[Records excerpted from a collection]
:::::

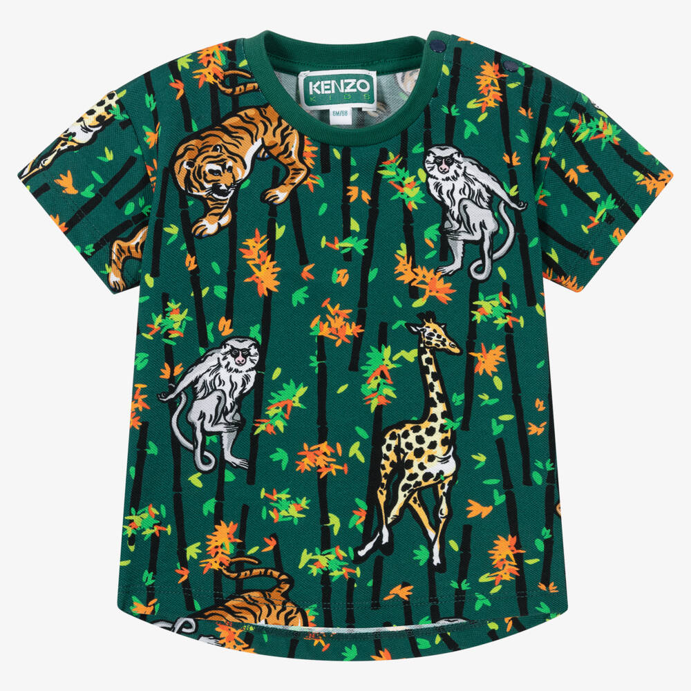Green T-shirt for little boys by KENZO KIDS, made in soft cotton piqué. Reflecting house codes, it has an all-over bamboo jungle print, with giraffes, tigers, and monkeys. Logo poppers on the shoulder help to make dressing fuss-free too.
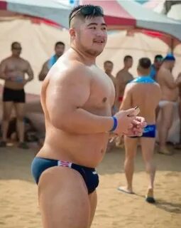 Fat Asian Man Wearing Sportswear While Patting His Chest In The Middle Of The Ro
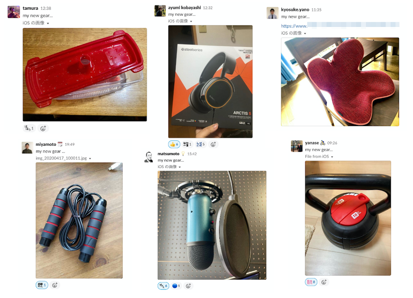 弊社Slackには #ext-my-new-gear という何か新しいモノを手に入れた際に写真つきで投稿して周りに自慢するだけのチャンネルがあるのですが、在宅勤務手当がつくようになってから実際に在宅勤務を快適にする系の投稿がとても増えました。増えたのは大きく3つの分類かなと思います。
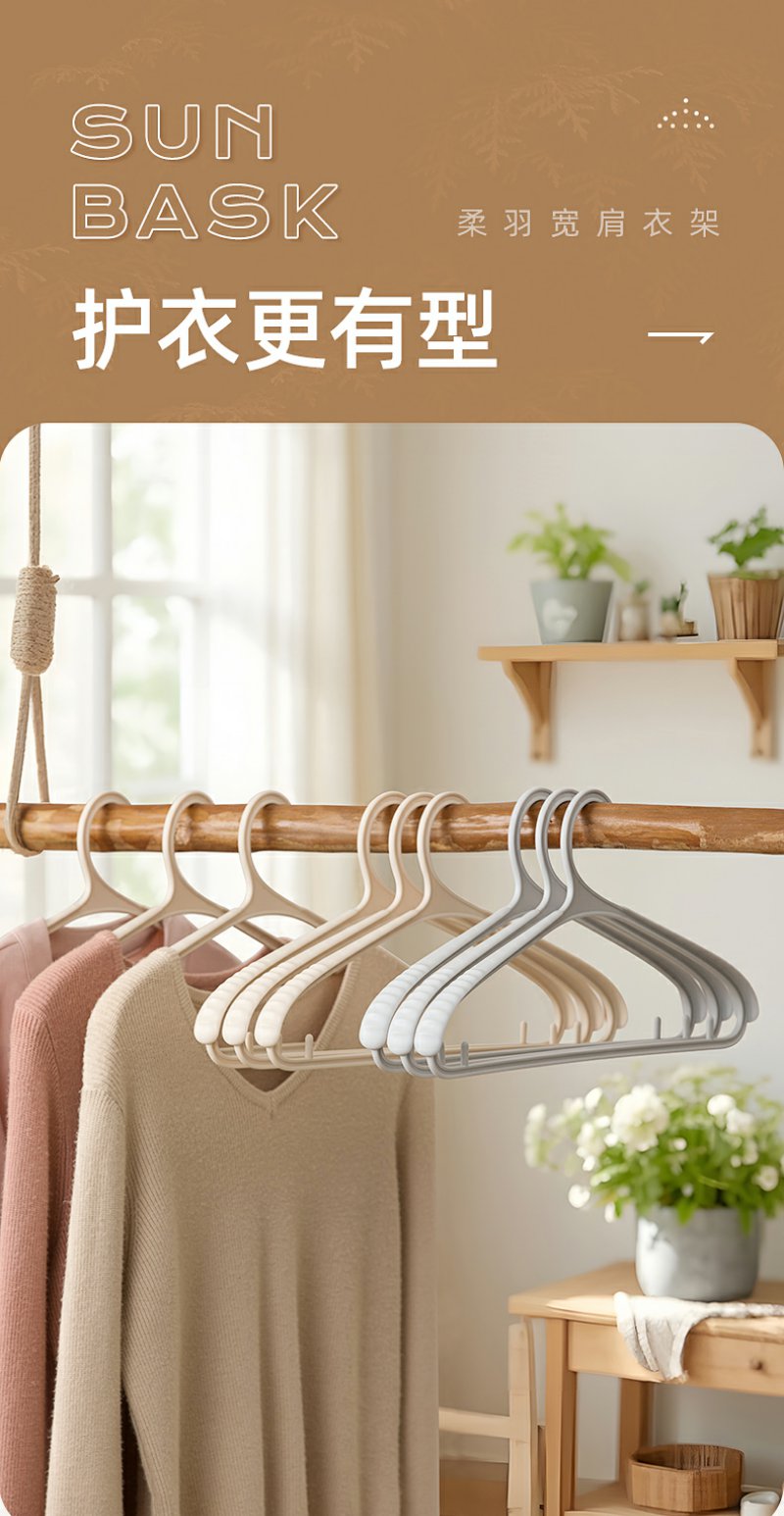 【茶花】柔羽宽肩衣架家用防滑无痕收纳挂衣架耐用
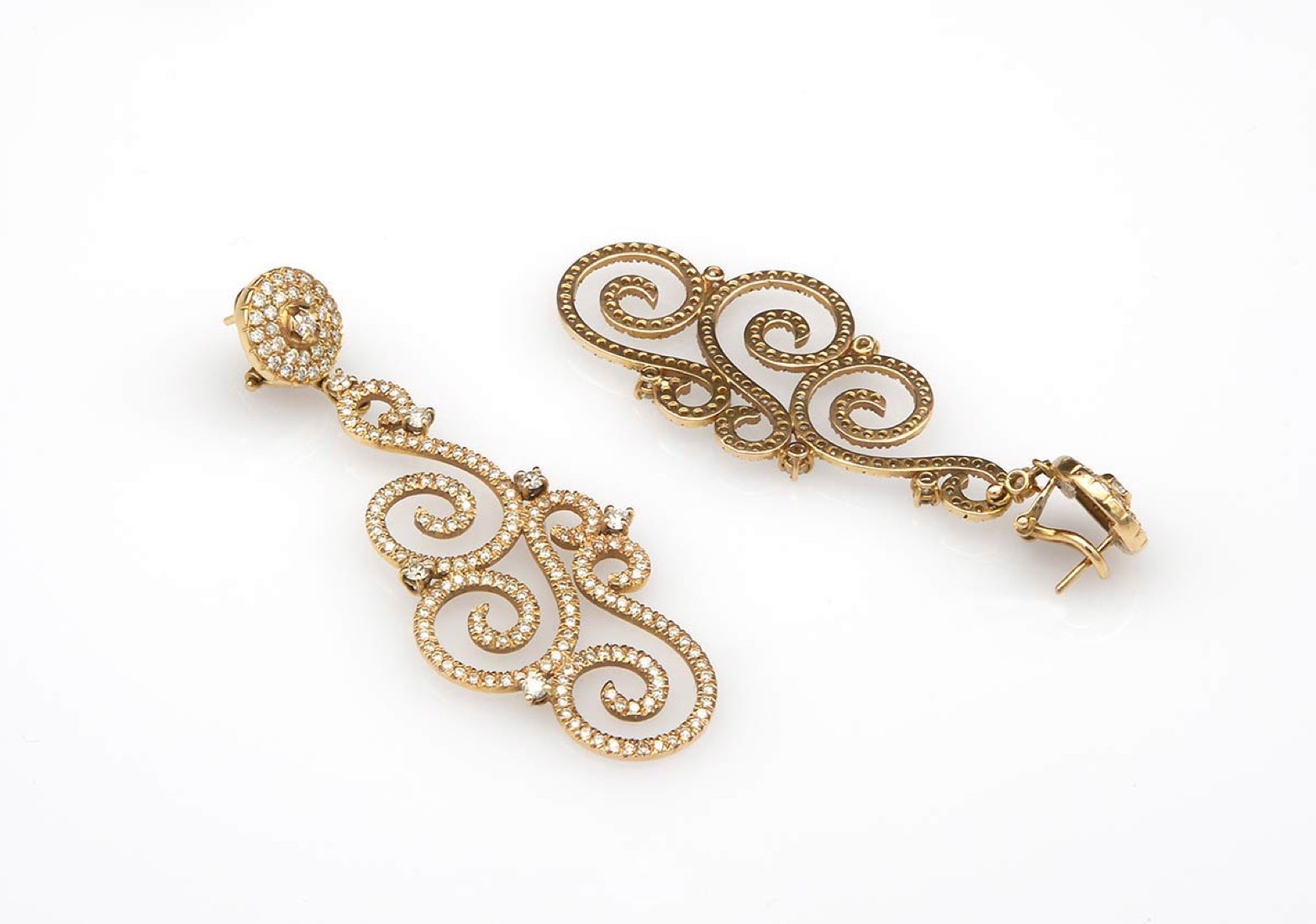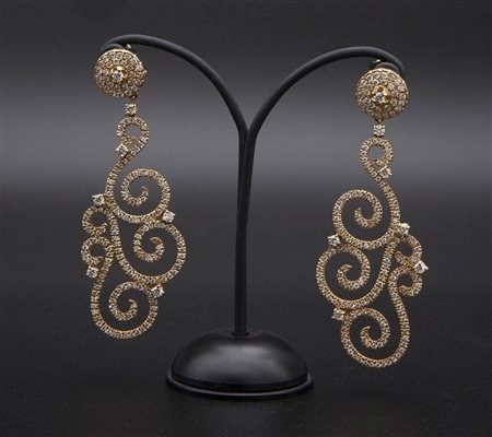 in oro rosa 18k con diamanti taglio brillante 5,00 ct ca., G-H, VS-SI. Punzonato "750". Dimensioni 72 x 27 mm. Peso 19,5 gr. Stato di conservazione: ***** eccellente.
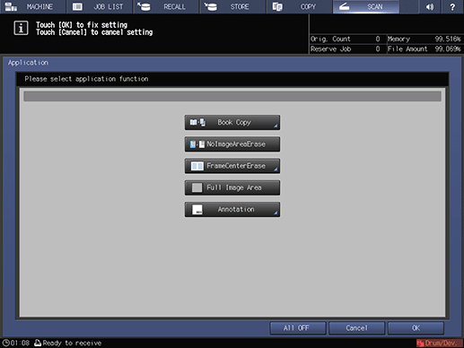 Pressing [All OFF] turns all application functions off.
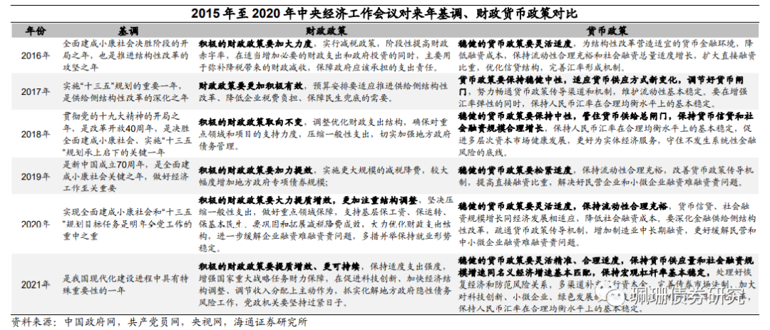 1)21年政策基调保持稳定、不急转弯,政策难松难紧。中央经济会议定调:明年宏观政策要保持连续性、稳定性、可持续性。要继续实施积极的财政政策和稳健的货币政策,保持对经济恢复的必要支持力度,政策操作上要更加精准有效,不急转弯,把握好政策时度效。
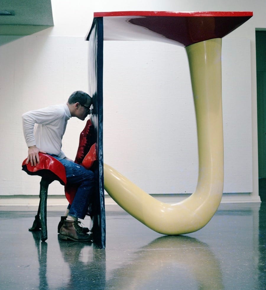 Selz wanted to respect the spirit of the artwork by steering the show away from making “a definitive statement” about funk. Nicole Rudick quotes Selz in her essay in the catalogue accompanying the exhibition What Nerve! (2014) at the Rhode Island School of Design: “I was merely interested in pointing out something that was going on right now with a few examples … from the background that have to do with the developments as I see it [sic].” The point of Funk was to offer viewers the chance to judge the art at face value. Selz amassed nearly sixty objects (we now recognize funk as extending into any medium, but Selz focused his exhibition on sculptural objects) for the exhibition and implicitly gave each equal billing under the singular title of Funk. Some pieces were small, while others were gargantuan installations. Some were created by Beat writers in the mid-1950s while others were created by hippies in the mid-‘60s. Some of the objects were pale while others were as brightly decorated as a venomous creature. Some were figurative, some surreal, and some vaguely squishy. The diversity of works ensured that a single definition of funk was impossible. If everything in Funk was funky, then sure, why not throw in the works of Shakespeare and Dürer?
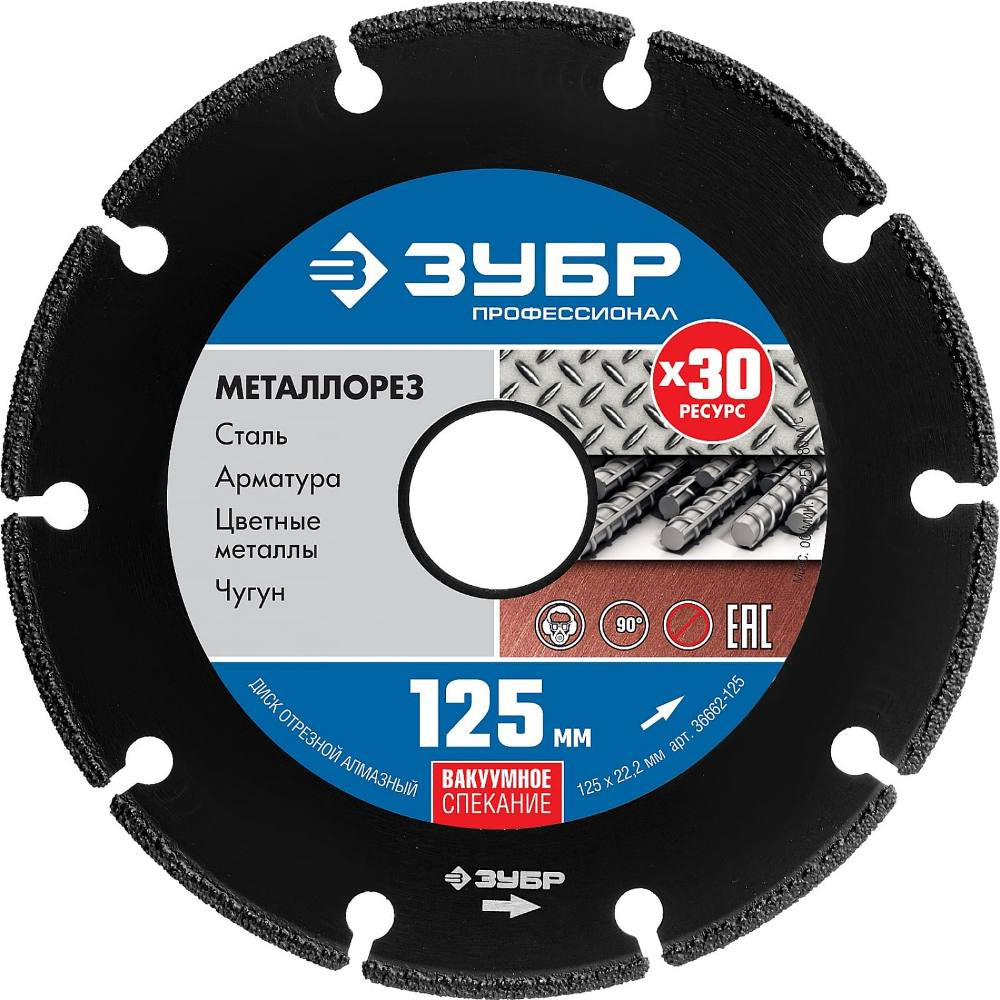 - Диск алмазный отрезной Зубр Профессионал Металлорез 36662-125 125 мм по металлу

:::::

Reproduce the complete set of records verbatim and omit the pictures.

Green T-shirt for little boys by KENZO KIDS, made in soft cotton piqué. Reflecting house codes, it has an all-over bamboo jungle print, with giraffes, tigers, and monkeys. Logo poppers on the shoulder help to make dressing fuss-free too.
 Fat Asian Man Wearing Sportswear While Patting His Chest In The Middle Of The Ro
 弊社Slackには #ext-my-new-gear という何か新しいモノを手に入れた際に写真つきで投稿して周りに自慢するだけのチャンネルがあるのですが、在宅勤務手当がつくようになってから実際に在宅勤務を快適にする系の投稿がとても増えました。増えたのは大きく3つの分類かなと思います。
 【茶花】柔羽宽肩衣架家用防滑无痕收纳挂衣架耐用
 in oro rosa 18k con diamanti taglio brillante 5,00 ct ca., G-H, VS-SI. Punzonato "750". Dimensioni 72 x 27 mm. Peso 19,5 gr. Stato di conservazione: ***** eccellente.
 Pressing [All OFF] turns all application functions off.
 1)21年政策基调保持稳定、不急转弯,政策难松难紧。中央经济会议定调:明年宏观政策要保持连续性、稳定性、可持续性。要继续实施积极的财政政策和稳健的货币政策,保持对经济恢复的必要支持力度,政策操作上要更加精准有效,不急转弯,把握好政策时度效。
 Selz wanted to respect the spirit of the artwork by steering the show away from making “a definitive statement” about funk. Nicole Rudick quotes Selz in her essay in the catalogue accompanying the exhibition What Nerve! (2014) at the Rhode Island School of Design: “I was merely interested in pointing out something that was going on right now with a few examples … from the background that have to do with the developments as I see it [sic].” The point of Funk was to offer viewers the chance to judge the art at face value. Selz amassed nearly sixty objects (we now recognize funk as extending into any medium, but Selz focused his exhibition on sculptural objects) for the exhibition and implicitly gave each equal billing under the singular title of Funk. Some pieces were small, while others were gargantuan installations. Some were created by Beat writers in the mid-1950s while others were created by hippies in the mid-‘60s. Some of the objects were pale while others were as brightly decorated as a venomous creature. Some were figurative, some surreal, and some vaguely squishy. The diversity of works ensured that a single definition of funk was impossible. If everything in Funk was funky, then sure, why not throw in the works of Shakespeare and Dürer?
 - Диск алмазный отрезной Зубр Профессионал Металлорез 36662-125 125 мм по металлу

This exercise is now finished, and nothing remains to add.